His extensive tenure encompassed several pivotal eras in modern Philippine history, including the pre-Martial Law era of the Third Philippine Republic and the entirety of President Ferdinand Marcos's military rule. One of the most significant administrative shifts during his leadership occurred in 1975, when Valenzuela was officially excised from the province of Bulacan and integrated into the National Capital Region (NCR) under the jurisdiction of the Metropolitan Manila Commission.

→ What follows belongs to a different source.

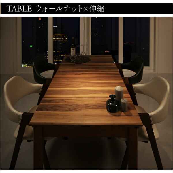 組立設置付き 天然木ウォールナット材モダンデザイン伸縮式ダイニングセット 6点セット(テーブル+チェア4脚+ベンチ1脚) W120-180

Angeles's administration initiated several major infrastructure projects, including the construction of the old city police headquarters beside the municipal hall in 1982. His continuous 18-year administration came to an abrupt end following the 1986 People Power Revolution. After the ouster of the Marcos administration, incoming President Corazon Aquino established a revolutionary government and replaced incumbent local executives nationwide. Angeles was removed from his post and replaced by Wilfredo F. Chongco, who was appointed as the Officer-in-Charge (OIC) mayor of Valenzuela.

Angeles died on August 17, 2005, at the age of 78.

== Legacy ==
In recognition of his nearly two decades of leadership and his role in modernizing the municipality's infrastructure and administrative capabilities, Angeles was awarded the Gawad Pio Valenzuela Award for Government Service in 1996.

To further commemorate his historical contributions to the city, the local government named the central finance building within the Valenzuela City Hall complex the Bulwagang Geronimo Angeles (Geronimo Angeles Hall). Today, the building houses the city's key planning, engineering, and financial divisions.